— Озон?! — недоверчиво воскликнули сразу несколько голосов, забыв про конспирацию.
Но доктор начал так возбужденно говорить, так уверенно писать ряды химических формул на коричневых тюремных салфетках, что недоверие растаяло, и все, ничего не понимая, завороженно слушали.
— Вот видите, че они с нашим братом делают! — с горечью произнес пожилой негр с изъеденным оспой лицом. — Изобрели свой СПИД нам на погибель, а этого вот — цап и за решетку, чтоб ихний секрет не раскрылся. Проклятое правительство!
Сартори продолжал. Несколько раз я ловил его взгляд, и в нем дрожала чуть заметная усмешка. Я ничего не сказал.

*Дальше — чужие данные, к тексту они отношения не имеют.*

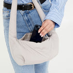 Confeccionado en tejido reciclado suave y sutilmente texturizado, se cierra de forma segura con una cremallera superior para mantener tus pertenencias a salvo. En el interior, hay un bolsillo adicional con cremallera para facilitar la organización.
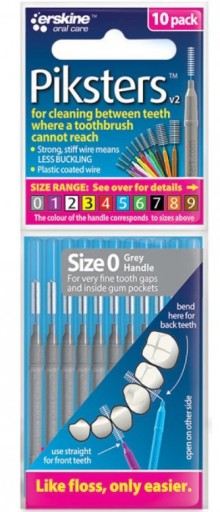 Profesjonalne szczoteczki międzyzębowe Piksters pomagające zachować właściwą higienę jamy ustnej. Mały rozmiar i delikatne włosie pomagają w czyszczeniu trudno dostępnych miejsc np. małych przestrzeni międzyzębowych lub przestrzeni znajdującymi się między gumkami i drutami aparatu ortodontycznego. Szczoteczki posiadają sztywny trzpień z okrągłym, łagodnie zakończonym końcem, który zapobiega uszkodzeniu dziąseł podczas czyszczenia zębów.
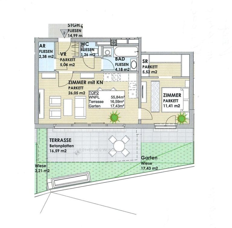 Die Wohnung hat eine Wohnfläche von 56 m2, ca. 17 m2 Gartenfläche und ca. 16 m2 Sonnenterrasse.
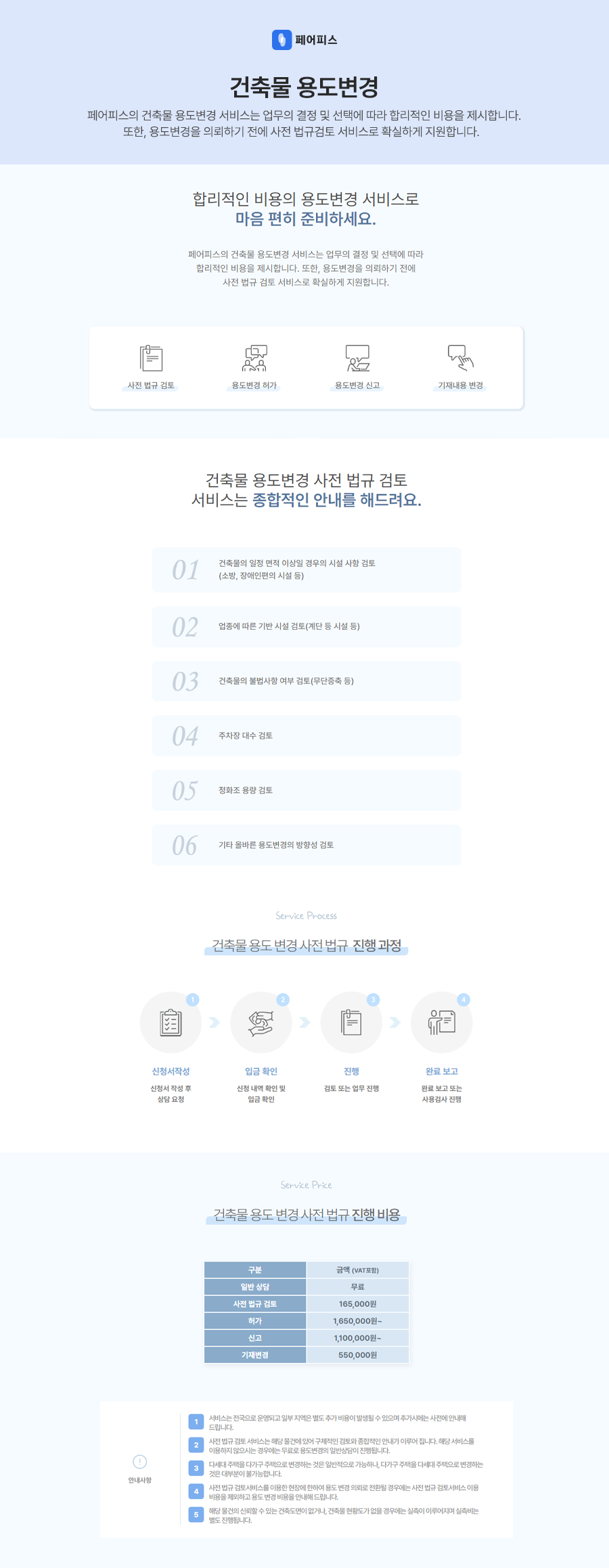 페어피스의 용도변경 사전 법규 검토 서비스는
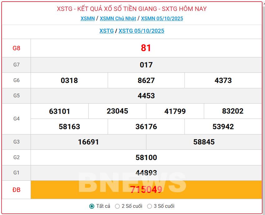 Bnews. XSTG 5/10. Kết quả xổ số hôm nay ngày 5/10. XSTG Chủ nhật. Trực tiếp KQXSTG ngày 5/10. Kết quả xổ số Tiền Giang hôm nay ngày 5/10/2025.
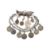 A collection of Bedouin jewellery to include a white metal necklace strung with late 19th century and early 20th century north African Francs. A Fatima's hand pendant set with coral. A prayer amulet pendant with coral coin and hand pendants. Tests indicate evidence of silver likely 800 in parts. Total weight 109g
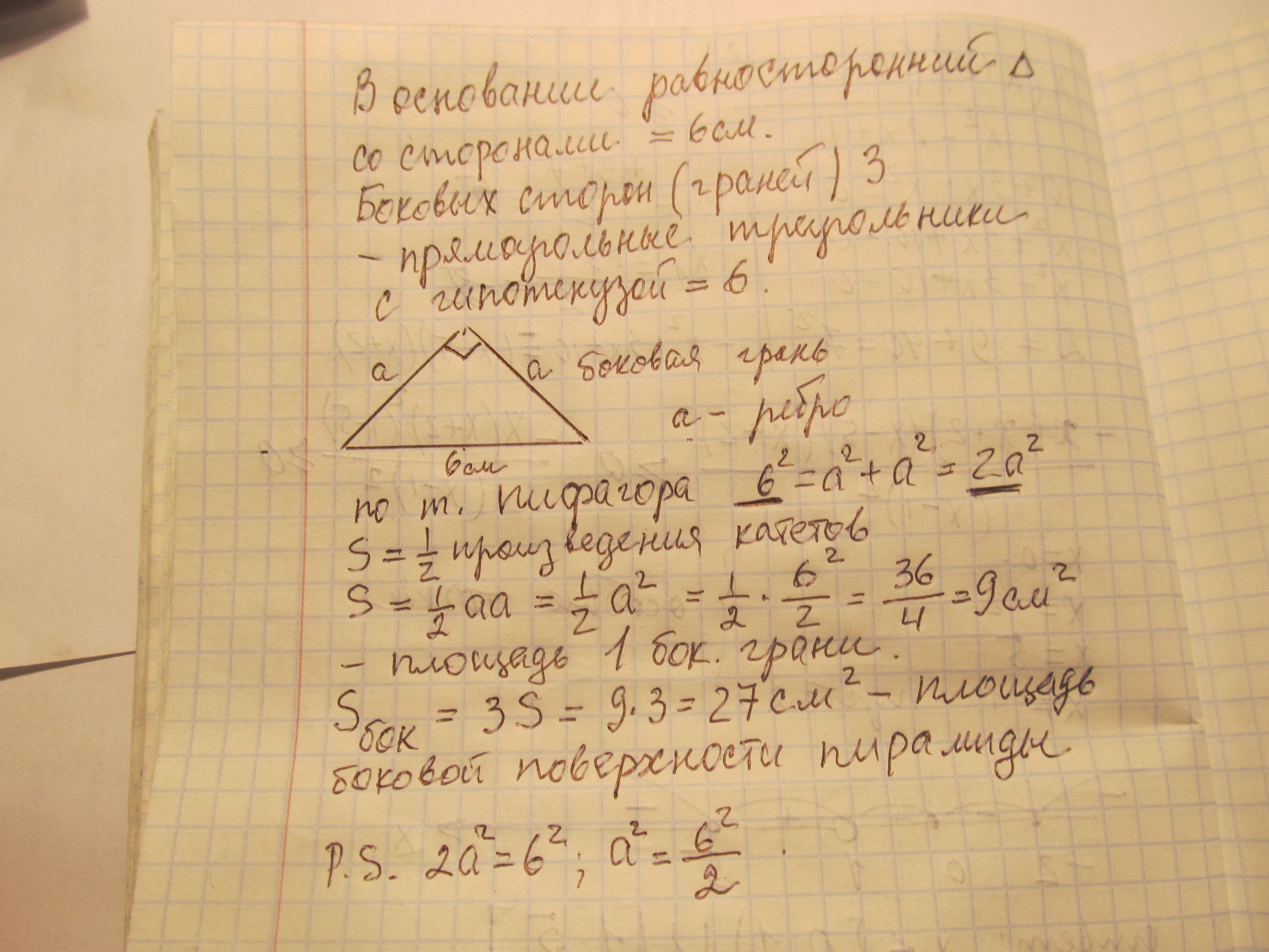 Чему равна площадь боковой поверхности правильной треугольной пирамиды, у которой сторона основания равна 6 см, а боковое ребро взаимно перпендикулярны.
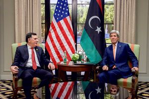 السراج برفقة رئيس الوزراء الأمريكي جون كري، 16 مايو 2016.
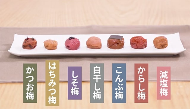 ひとくちに梅干しといっても、農家での生産工程や、工場での加工方法によって味や風味が異なります。「白干し梅(減塩含む)」「しそ梅」「はちみつ梅」などは特に有名ですが、「こんぶ梅」「かつお梅」のような出汁の効いたタイプや、「からし梅」のような変わり種もあります。
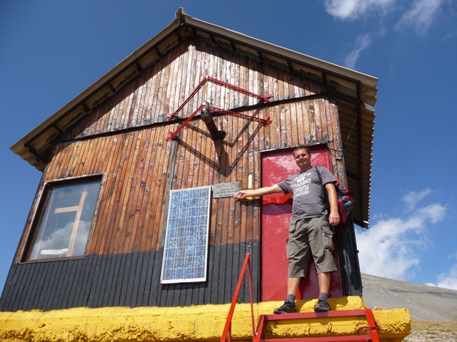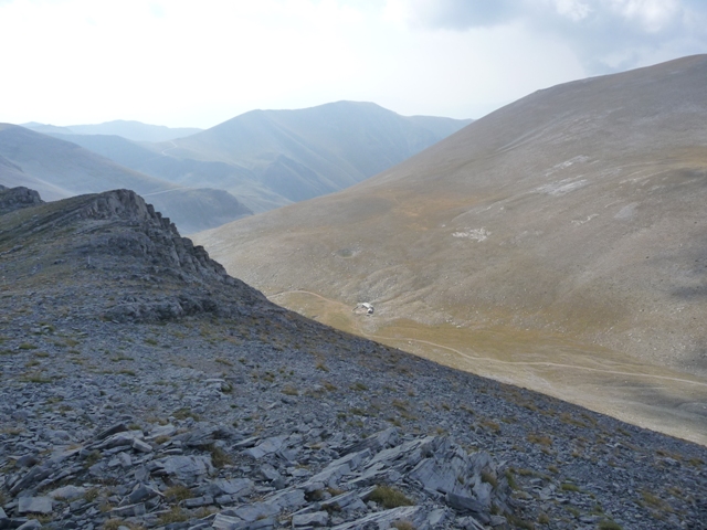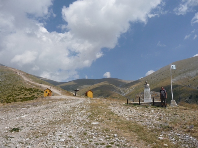 Wjeżdżamy na wysokość 1700 metrów i w pewnym momencie wyłaniają się domki – czyli ok. znak przecież pokazywał, że tędy do schroniska. Tak, tylko te domki okazały się koszarami. Podchodzimy – z ich angielskim słabo, my po grecku to frape umiemy zamówić :D . Mówią, że „that way with car” to się nie da – patrzymy faktycznie ciężko by było – szuter z kamieniami nachylenie koło 25 procent. Ale chodziło im w końcu, że musimy mieć specjalną kartę – na szczęście wystarczy na miejscu spisanie danych i podpisanie oświadczenia, że będziemy grzeczni w górach nie będziemy schodzić ze szlaku i wrócimy o czasie
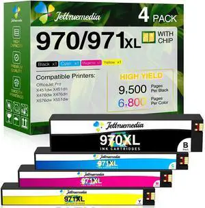 4-Pack 970XL 971XL PageWide Cartridge High Yield Compatible with HP 970XL 971XL Ink Cartridges for HP Printer OfficeJet Pro X476dn X451dw X451dn X476dw X576dw X551dw (970XL Black, 971XL C/M/Y)
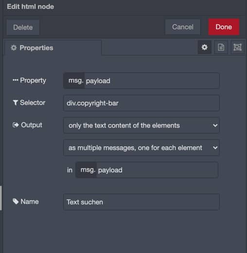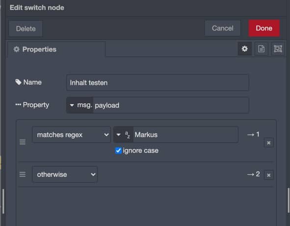 Wird der Text im HTML-Element gefunden, wird dessen gesamter Textinhalt als Payload zurückgegeben. Der nachfolgenden Switch-Node prüft mit einem regulären Ausdruck, der hier extrem einfach ausfallen kann, ob auch Markus im Text enthalten ist.
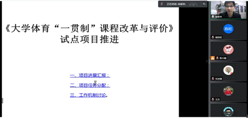 5月11日晚,体育教学部通过线上会议形式召开了《大学体育“一贯制”课程改革与评价》第2次工作汇报暨课题组第1次工作会议,会议主要围绕项目进展汇报、项目任务分配、工作机制等事项展开讨论,体育教学部党总支书记何俊如、体育教学部主任孙志双及课题组人员参加了会议。会议由体育教学部主任孙志双主持。
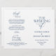 This is the foldable wedding ceremony program card, in Navy Blue elegance romantic script theme. (We Do)
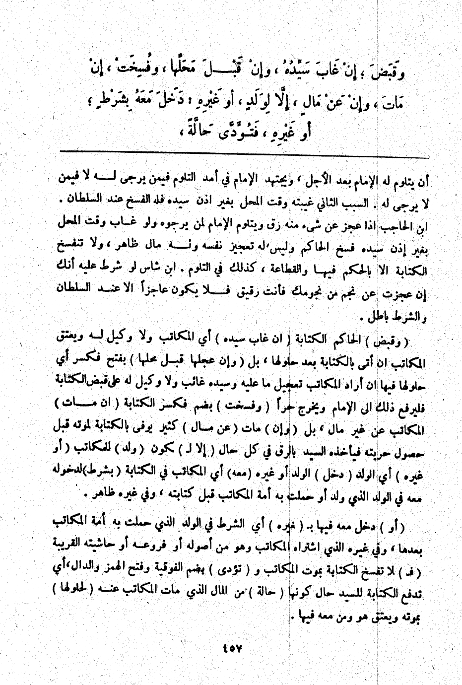 السَّبَبُ الثَّانِي: غَيْبَتُهُ وَقْتَ الْمَحِلِّ بِغَيْرِ إذْنِ سَيِّدِهِ فَلَهُ الْفَسْخُ عِنْدَ السُّلْطَانِ. ابْنُ الْحَاجِبِ إذَا عَجَزَ عَنْ شَيْءٍ مِنْهُ رُقَّ وَيَتَلَوَّمُ الْإِمَامُ لِمَنْ يَرْجُوهُ وَلَوْ غَابَ وَقْتَ الْمَحِلِّ بِغَيْرِ إذْنِ سَيِّدِهِ فَسَخَ الْحَاكِمُ وَلَيْسَ لَهُ تَعْجِيزُ نَفْسِهِ، وَلَهُ مَالٌ ظَاهِرٌ، وَلَا تَنْفَسِخُ الْكِتَابَةُ إلَّا بِالْحُكْمِ فِيهَا وَالْقِطَاعَةُ كَذَلِكَ فِي التَّلَوُّمِ. ابْنُ شَاسٍ لَوْ شَرَطَ عَلَيْهِ أَنَّك إنْ عَجَزْت عَنْ نَجْمٍ مِنْ نُجُومِك فَأَنْتَ رَقِيقٌ فَلَا يَكُونُ عَاجِزًا إلَّا عِنْدَ السُّلْطَانِ وَالشَّرْطُ بَاطِلٌ.
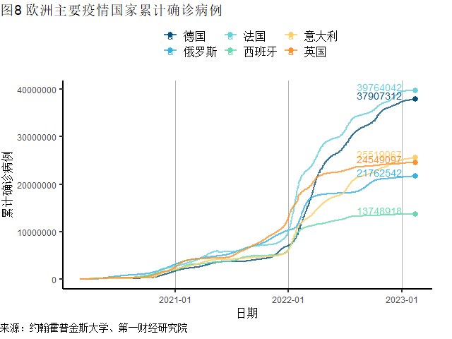 上周欧洲发达国家新增确诊22.2万例,维持在两年多来的低位。欧洲主要发达国家中,上周德国(新增8.5万例)、英国(新增2.2万例)新增确诊病例仍在增加,其中德国新增病例已经连续3周上升;意大利(新增3.1万例)、法国(新增2.3万例)、西班牙(新增0.8万例)新增病例延续了下降趋势。上周俄罗斯新增确诊7.5万例,创17周新高,较前一周环比增长30%。
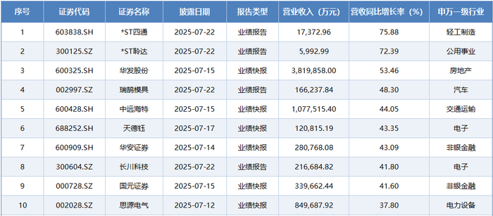 从目前披露的情况来看,营收增幅最高的是*ST四通(603838.SH),该公司实现营业收入约1.74亿元,同比增长75.88%。*ST四通表示,公司合并层面新增控股子公司大连壹唯新材料有限公司,导致公司上半年营业收入大幅增加。紧随其后的分别是*ST聆达(300125.SZ)和华发股份(600325.SH),营收增幅分别为72.39%和53.46%。
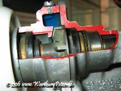 Für die Neugierigen, anbei noch ein Paar Schnittbilder. Hier kann man schön sehen, wie die Wasserpumpe im zusammengebauten Zustand aussieht, welche Abstände die Teile zueinander haben. | |
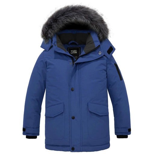 ZSHOW Boys Winter Snowboard Coat Thick Fleece Lined Quilted Parka Windproof Puffer Jacket (Blue8)
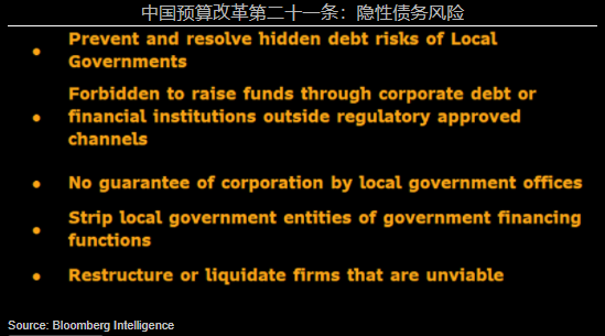 2. 中国针对地方政府实体的政策 4月13日,国务院发布了《国务院关于进一步深化预算管理制度改革的意见》,其中第二十一条针对债务风险,特别提及地方政府的隐性债务风险。国务院要求取消地方政府担保,严禁地方政府通过企业实体融资,并重申对失去清偿能力的企业要依法实施破产重整或清算。
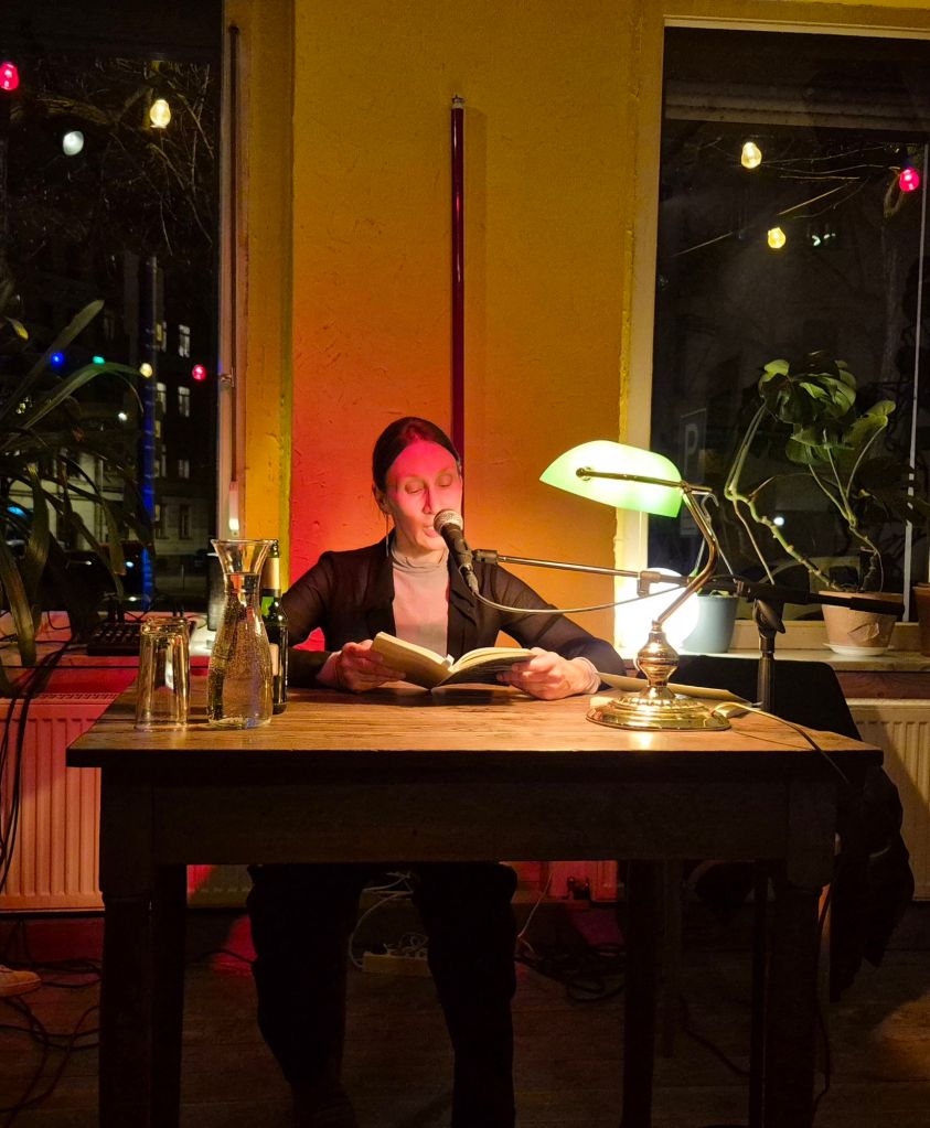 Abends ging es für mich weg von der großen Messe zum Lyrik- und Prosa-Abend zur Buchmesse im feinen kleinen Kreis mit Sascha Kokot, John Sauter und Martina Hefter:

Надзиратель прокричал «отбой». Слушатели, ворча и сокрушенно покачивая головами, стали расходиться. Я задержался и сказал, неуверенно вспоминая школьные уроки химии:
— А разве не…
— Вы знаете, мой метод еще не проверенный, еще экспериментальный, — перебил доктор Сартори. — Я как раз готовлюсь послать доклад на эту тему. Меня пригласили на конференцию в Нижний Новгород, но мне теперь туда уже не попасть. Я говорю на шести языках, по мой русский, к сожалению… — И он потянул мне огромный том, оказавшийся англо-русским медицинским словарем. — Вы не могли бы мне помочь?
Я согласился и проводил его до камеры. Перед самой дверью он замялся, словно собираясь что-то добавить, но, так и не решившись, шагнул в темноту. В эту минуту все осветилось резким мертвенным светом, как будто подожгли магний. Снаружи загрохотало: началась долгожданная гроза. При вспышках молний тени оконных решеток падали на стены, как нотные строки.
Утро, мокрое и холодное, было прекрасно. В пустой «комнате отдыха» Сартори стоял, прижавшись к решетке лбом.
— Это вы? — он поднял рассеянный взгляд. — Как вам спалось?
— Отлично! Может быть, это озон?
— Что? Ах, озон… Да-да, конечно, — и он печально Улыбнулся.
Час спустя меня перевели в этапный корпус, и я Ушел, не успев попрощаться. Доктора я больше не встречал. Писать ему я не стал: переписка между тюрьмами в штате Нью-Йорк запрещена.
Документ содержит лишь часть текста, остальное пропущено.